[Given material — start]

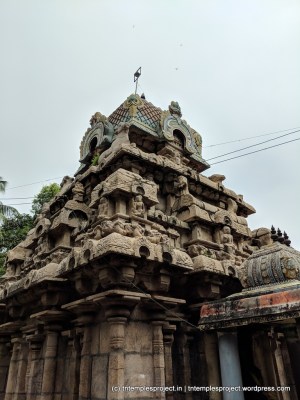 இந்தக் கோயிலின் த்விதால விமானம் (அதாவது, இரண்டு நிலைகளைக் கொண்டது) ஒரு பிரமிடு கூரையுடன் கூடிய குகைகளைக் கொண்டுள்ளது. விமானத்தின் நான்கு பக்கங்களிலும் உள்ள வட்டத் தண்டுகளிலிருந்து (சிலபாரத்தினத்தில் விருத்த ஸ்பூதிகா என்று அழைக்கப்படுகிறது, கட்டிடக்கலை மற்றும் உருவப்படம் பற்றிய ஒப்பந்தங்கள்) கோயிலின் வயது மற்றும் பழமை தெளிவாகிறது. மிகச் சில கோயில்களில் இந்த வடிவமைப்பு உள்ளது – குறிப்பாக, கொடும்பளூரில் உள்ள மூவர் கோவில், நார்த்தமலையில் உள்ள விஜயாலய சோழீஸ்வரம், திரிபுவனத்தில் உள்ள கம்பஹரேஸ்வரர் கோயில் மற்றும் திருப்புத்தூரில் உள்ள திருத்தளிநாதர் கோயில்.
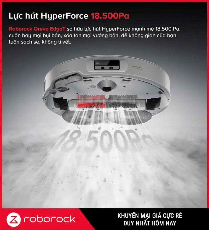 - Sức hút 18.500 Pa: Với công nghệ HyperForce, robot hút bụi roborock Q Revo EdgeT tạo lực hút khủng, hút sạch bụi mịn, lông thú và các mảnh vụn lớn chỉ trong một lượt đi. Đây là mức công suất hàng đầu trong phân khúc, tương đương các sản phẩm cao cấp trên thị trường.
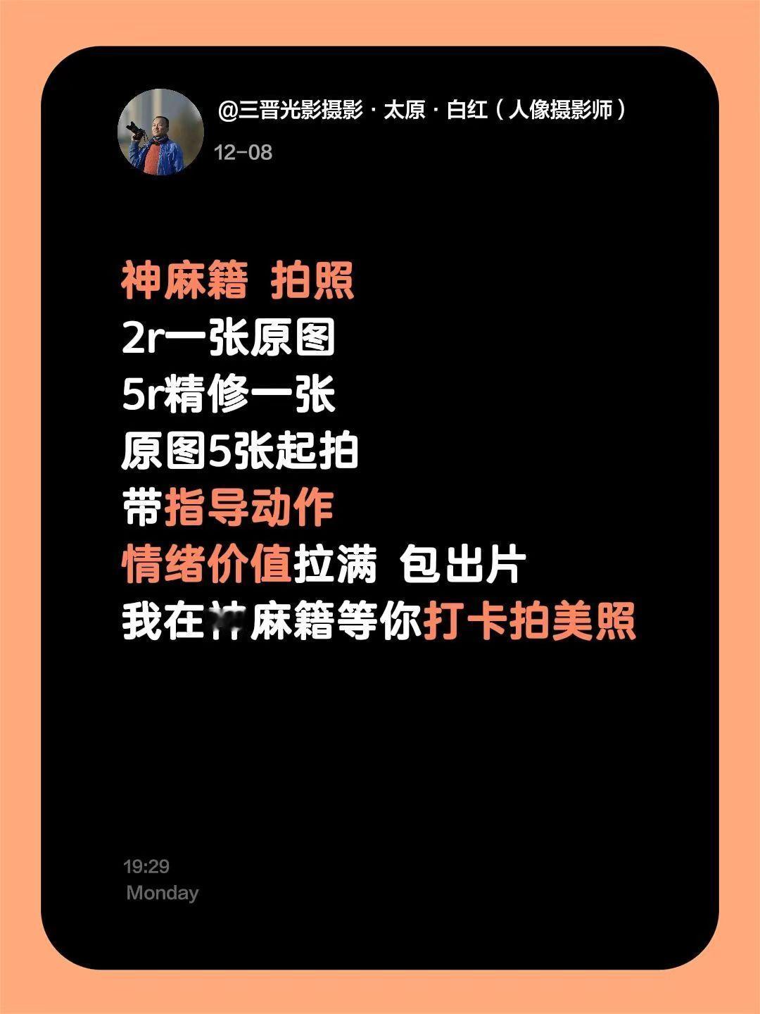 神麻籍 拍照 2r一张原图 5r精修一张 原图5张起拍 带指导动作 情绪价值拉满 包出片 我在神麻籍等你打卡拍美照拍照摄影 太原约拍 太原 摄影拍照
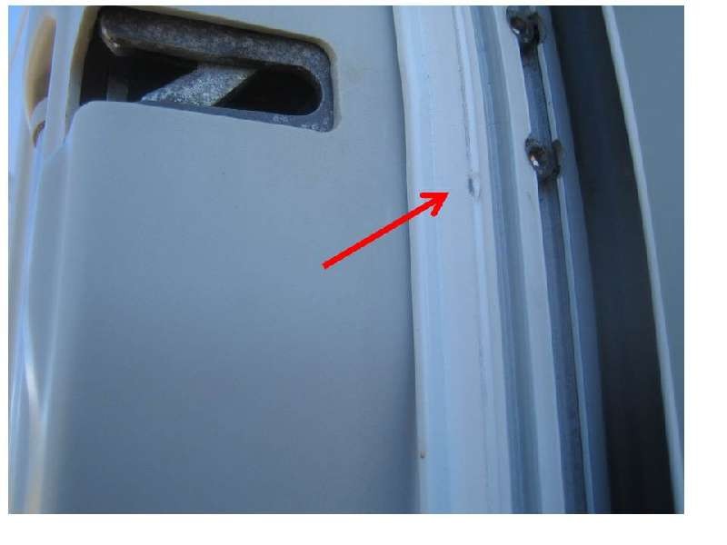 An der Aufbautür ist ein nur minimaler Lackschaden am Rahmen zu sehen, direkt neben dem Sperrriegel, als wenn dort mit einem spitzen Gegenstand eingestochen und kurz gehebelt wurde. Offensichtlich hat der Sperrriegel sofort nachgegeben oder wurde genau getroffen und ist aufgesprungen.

[Given material — finish]

| Required work |
The output should hold only the lines from the one containing "神麻籍 拍照 2r一张原图" through the last line of the listing, reproduced exactly, pictures omitted.

| Finished exercise |
 神麻籍 拍照 2r一张原图 5r精修一张 原图5张起拍 带指导动作 情绪价值拉满 包出片 我在神麻籍等你打卡拍美照拍照摄影 太原约拍 太原 摄影拍照
 An der Aufbautür ist ein nur minimaler Lackschaden am Rahmen zu sehen, direkt neben dem Sperrriegel, als wenn dort mit einem spitzen Gegenstand eingestochen und kurz gehebelt wurde. Offensichtlich hat der Sperrriegel sofort nachgegeben oder wurde genau getroffen und ist aufgesprungen.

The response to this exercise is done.